C’era una volta la Provincia. Ente intermedio dotato di funzioni precipue e, soprattutto, di fondi. Poi la furia della rottamazione e dei tagli a tutti i costi l’hanno depotenziata. Dapprima millantando una sua soppressione. Poi partorendo un ibrido. Che esiste, ma può solo sopravvivere. Che vorrebbe ma non può. Che, in buona sostanza, non riesce più ad assicurare quegli interventi, sotto forma di sicurezza, efficienza e progresso, ai cittadini.

Anche in Basilicata la Provincia di Potenza e quella di Matera, che proprio di recente hanno rinnovato i rispettivi Consigli, continuano a sopravvivere, ingessate come sono dalla cronica mancanza di fondi. Dunque, dall’impossibilità di progettare nuove opere pubbliche e, in generale, finanche di ammodernare o restaurare quelle già esistenti. Proprio in questi giorni l’Upi (Unione province italiane) ha lanciato nuovamente l’allarme. Ricordando che “negli uffici tecnici delle Province ci sono migliaia di documenti che promettono di trasformarsi in ponti, strade, scuole. Sono i progetti delle opere infrastrutturali da realizzare, necessarie per la comunità, ma bloccate in attesa di finanziamenti”. Un tema come detto ricorrente anche in Basilicata. Dove, peraltro, la particolare orografia e la vetustà di numerose infrastrutture chiederebbero, invece, interventi immediati e urgenti.

Ma quali sono, a ben vedere e per entrare nello specifico, le problematiche riscontrate dalle province nella realizzazione delle opere infrastrutturali? Essenzialmente di tre tipi. In primis, la carenza di risorse: i fondi, infatti, sono pochi e, quando ci sono, non si riesce ad avere una pianificazione degli investimenti seria e costante. Non si può, però, sottacere la mancanza di personale dedicato alla progettazione: i tagli, infatti, hanno privato le Province italiane di un numero corposo di personale. Di fatto depotenziandole. Per questo da più parti di ravvisa la necessità di ripristinare le assunzioni negli uffici di progettazione, dopo anni di blocco. Infine, ma non per ordine di importanza, quel vero e proprio “cancro” che sta uccidendo l’Italia, l’ormai odiata burocrazia. Peraltro acuita da tutta una serie di norme approvate con l’intento, invero nobile, di contrastare la corruzione dilagante. Ma che spesso producono una quantità di adempimenti tale, da rallentare tutto il lavoro. Già di per sé complicato da tutto il resto.

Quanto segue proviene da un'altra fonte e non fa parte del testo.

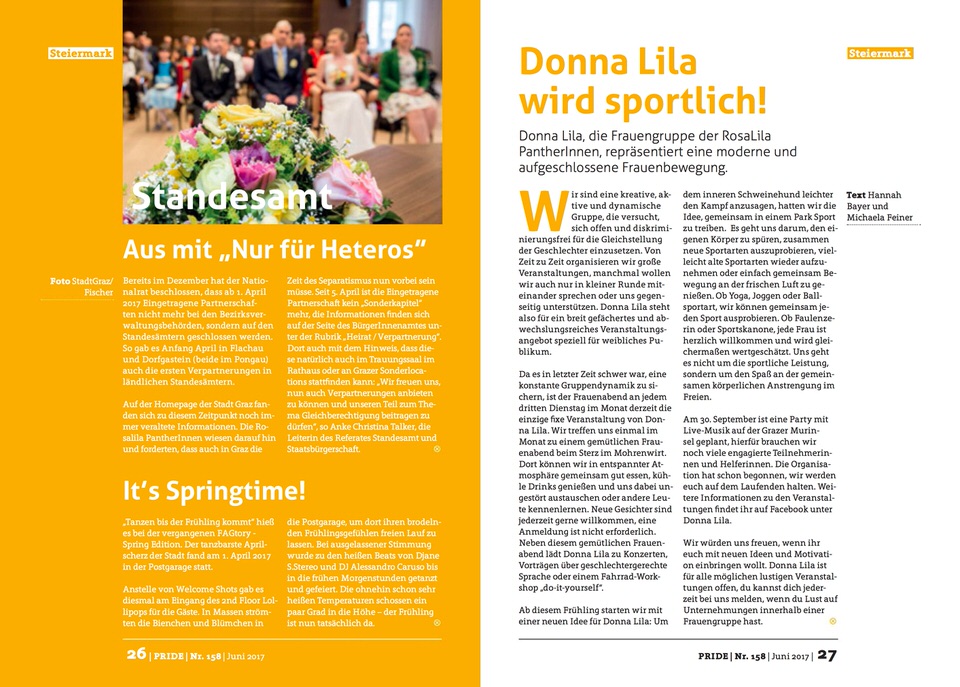 Die Frauengruppe Donna Lila hat sich ein ehrgeiziges Ziel gesetzt: Gemeinsam wollen alle Mitglieder mehr für ihre Gesundheit tun, indem sie sich mit Freude körperlich betätigen, neue Sportarten ausprobieren und einfach gemeinsam die frische Luft im Park genießen. mit Hannah Bayer: Donna Lila wird sportlich! In: PRIDE (2017) 158, S. 27. Hier geht’s zur Online-Ausgabe.Frauen
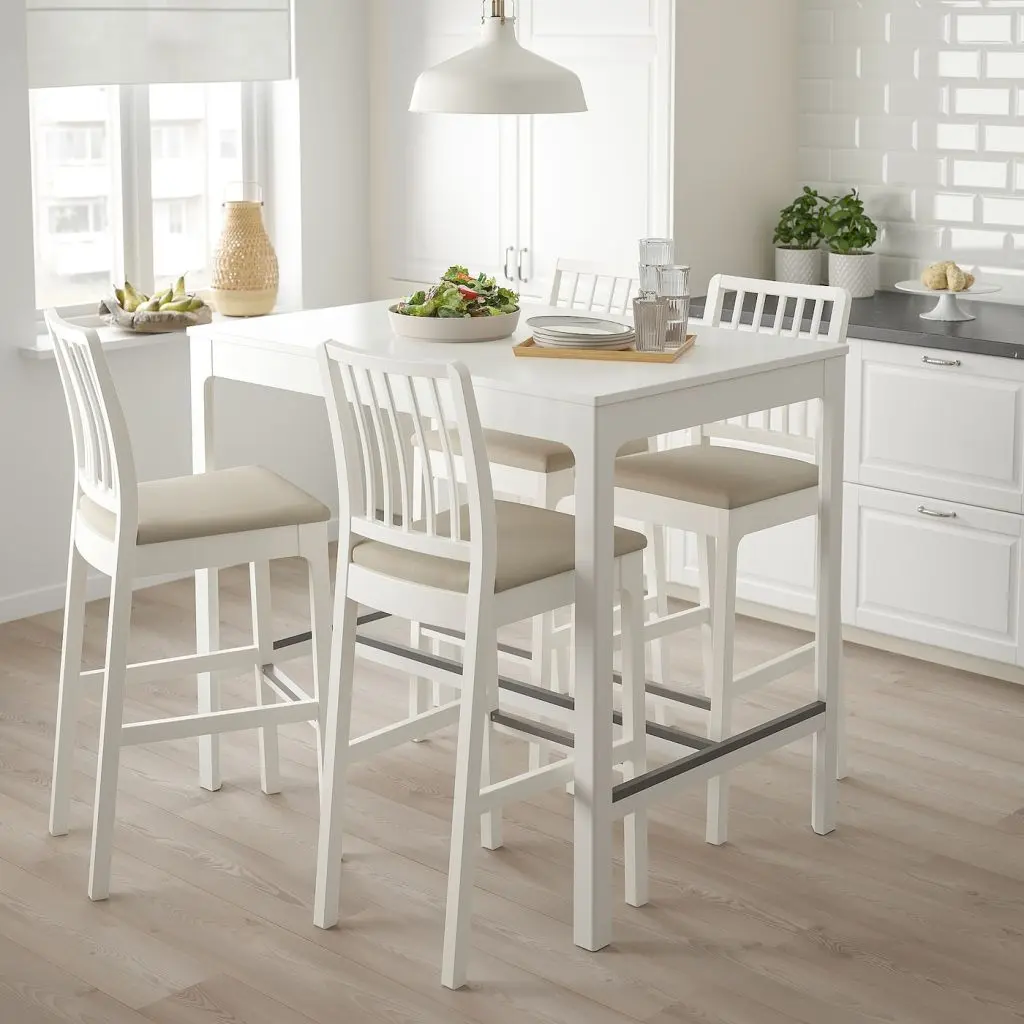 Просторная барная столешница обеспечивает много места для сервировки и общения, а также для работы.Отделка и дизайн барного стола позволяют использовать его и в кухне, и в гостиной.Мы все проверили! Поверхность столешницы выдержит воздействие жидкостей и тепла, а также будет устойчива к пятнам, жиру, царапинам и ударам, чтобы долгие годы выдерживать все испытания повседневного использования.Прекрасно сочетается с барными стульями этой серии.Съемный чехол легко содержать в чистоте, так как его можно стирать в машине.Можно дополнить наклейками на мебельные ножки ФИКСА; защищают пол от царапин.Барный стол (длина 120 см, ширина 80 см, высота 105 см). Барный стул (ширина 45 см, глубина 52 см, высота 114 см, высота сиденья 75 см, ширина сиденья 45 см, глубина сиденья 39 см).
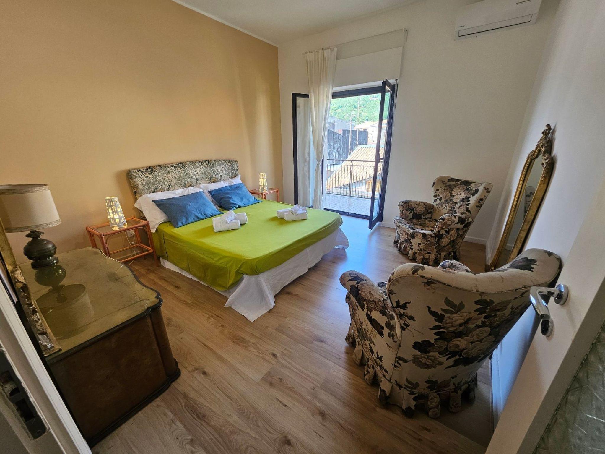 Zafferana Etna House is a cosy and spacious flat in Zafferana Etnea, a municipality in the province of Catania located on the slopes of Mount Etna. The accommodation is located on the third floor with lift. It consists of a beautiful entrance hall, a spacious living room with table, TV area and two sofas, a comfortable independent kitchen and two double bedrooms. A nice windowed bathroom with shower and bidet and a balcony with sea and mountain view complete the accommodation. The house is equipped with every comfort; such as air conditioning and Wi-Fi. Perfect for four people and tastefully furnished, it offers everything you need for a relaxing stay in and around beautiful Catania.
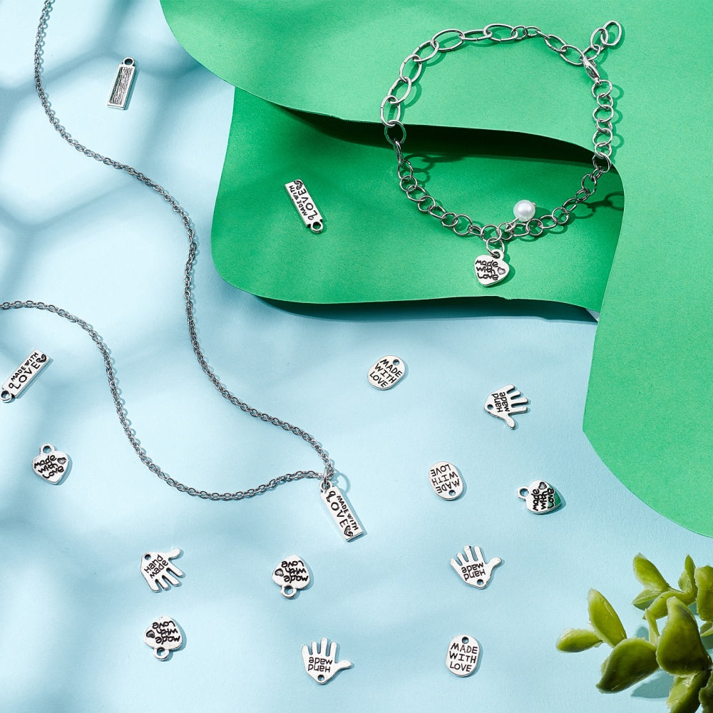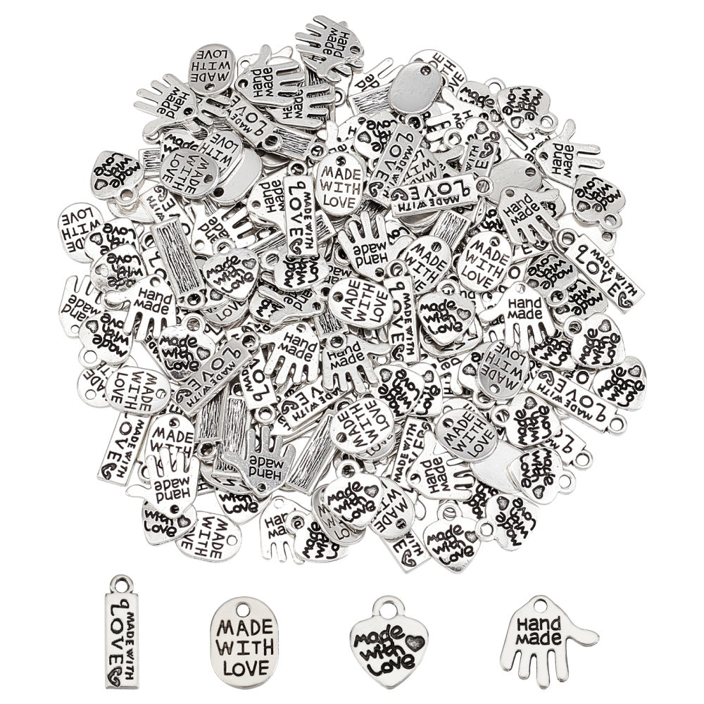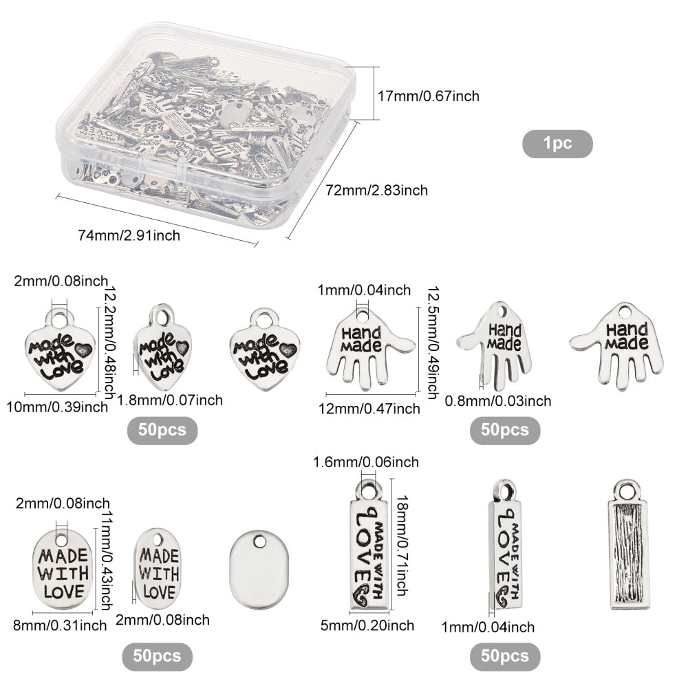 • Includes 200 charms in 4 shapes: Oval, Heart, Rectangle, Hand
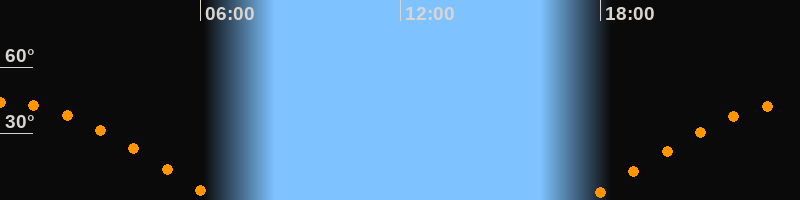 Höchster Stand (Kulmination)00:01 Uhr (h = 44,3°)

La domanda nasce spontanea: che senso ha tenere in piedi le Province se non possono produrre i risultati sperati? Cioè, se non riescono ad assolvere i compiti che, per legge, spetterebbero loro? Anche su questo, forse, bisognerebbe, per una volta seriamente, riflettere. La riflessione, però, non sembra essere di casa in Italia. Dove si preferisce fare finta di niente, sollevare polemiche a titolo gratuito e, soprattutto, sparare sempre nel mucchio, soprattutto in politica. Tanto, alla fine, pagano sempre gli stessi. I cittadini. Che, senza strade (o con arterie colabrodo), ferrovie da lumaca e scuole “claudicanti”, non riescono a fruire di servizi che sarebbero, per così dire, di default. Cioè normali in un Paese civile. Invece sulle strade provinciali assistiamo alla presenza di tracciati con vere e proprie voragini, ponti che rischiano di cadere da un momento all’altro e scuole affatto sicure. Con i presidenti delle Provincie che continuano a chiedere fondi e personale. Invano. Del resto, siamo in Italia e, quindi, tutto è possibile. Anche che le Province, dapprima soppresse, continuino a rimanere in vita, ma in una sorta di coma indotto.